I can't see the 25% capacity increase being worth the 100% cost increase in regular vs XX. Also even though the XX have more reserve , they will not deliver the same power out in high demand devices as the regular do.
I have some XX and they are just great in my book for general use but I only got then because money is cheap and I wanted to check them out. Other than that the frugal folks should gravitate to the regular eneloops.


----------



## donn_ (Mar 10, 2013)

You have to shop carefully at Amazon.
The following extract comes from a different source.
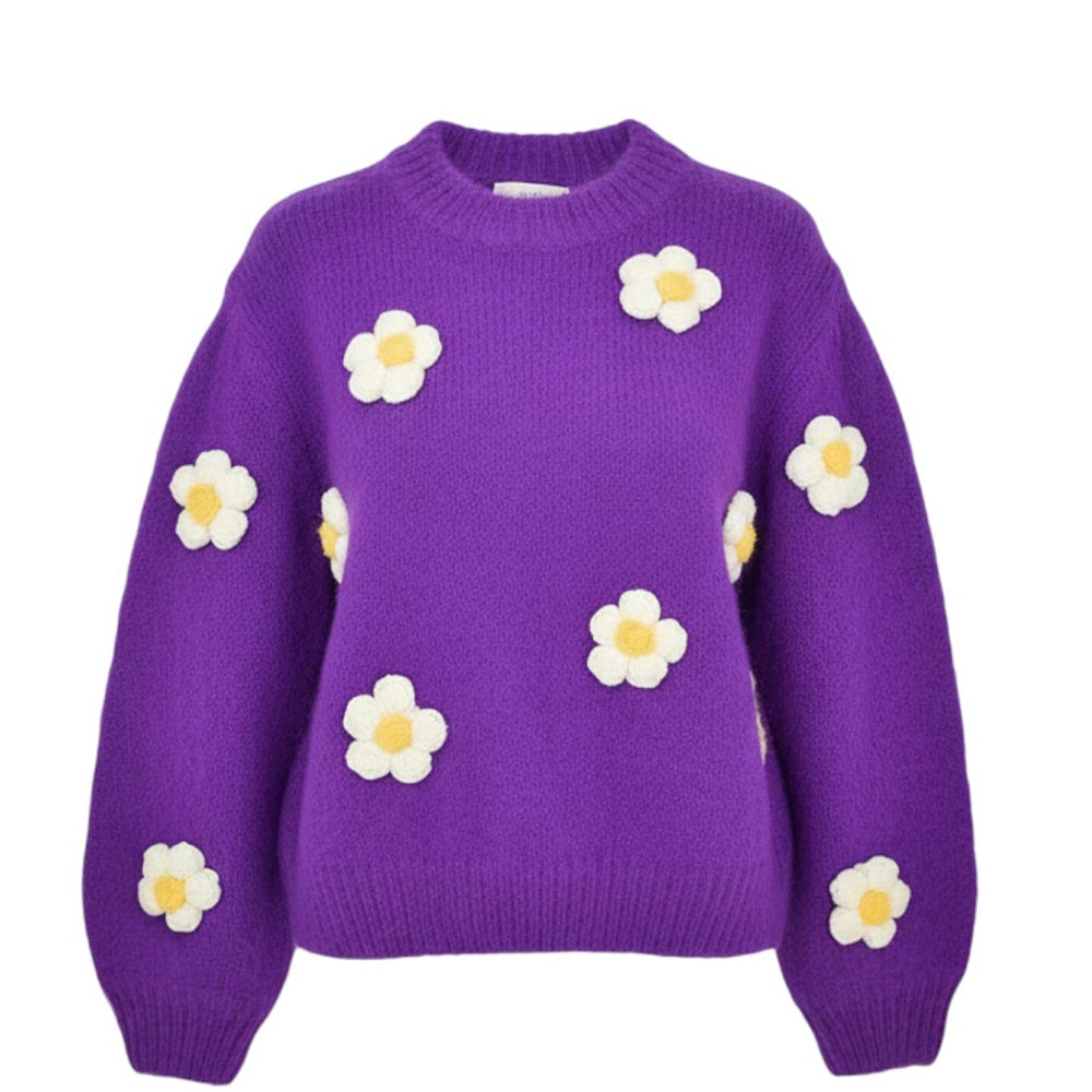 Mc2 Saint Barth Maglia viola in misto alpaca con fiori DANY003-00408C

An 8-pack of XXs is $38.69. Two 4-packs is $34.34.


----------



## tomrit (Mar 14, 2013)

the answer is really depends on point of view.
the xx is pricy, but do give u some more juicy. 
if u really need the extra miles, u have to pay the money.


----------



## tomrit (Mar 14, 2013)

delete for duplication


----------



## CharT (Mar 15, 2013)

I thought the standard place to get 2nd gen Eneloops was Costco? I've seen 10-pack AA or 12-pack AAA for $20 but inventory comes and goes. More recently, I've seen a combo pack 8 AA, 2 AAA, 2 D-spacers, 2 C-spacers and charge for $24. Not sure if there's a good way to check Costco inventory without physically going to the store...


----------



## BringerOfLight (Mar 16, 2013)

lwknight said:


> Also even though the XX have more reserve , they will not deliver the same power out in high demand devices as the regular do.


Huh?
http://www.candlepowerforums.com/vb/showthread.php?298090-The-AA-NiMH-Performance-Test-Thread


----------



## gradio (Mar 16, 2013)

CharT said:


> I thought the standard place to get 2nd gen Eneloops was Costco? I've seen 10-pack AA or 12-pack AAA for $20 but inventory comes and goes. More recently, I've seen a combo pack 8 AA, 2 AAA, 2 D-spacers, 2 C-spacers and charge for $24. Not sure if there's a good way to check Costco inventory without physically going to the store...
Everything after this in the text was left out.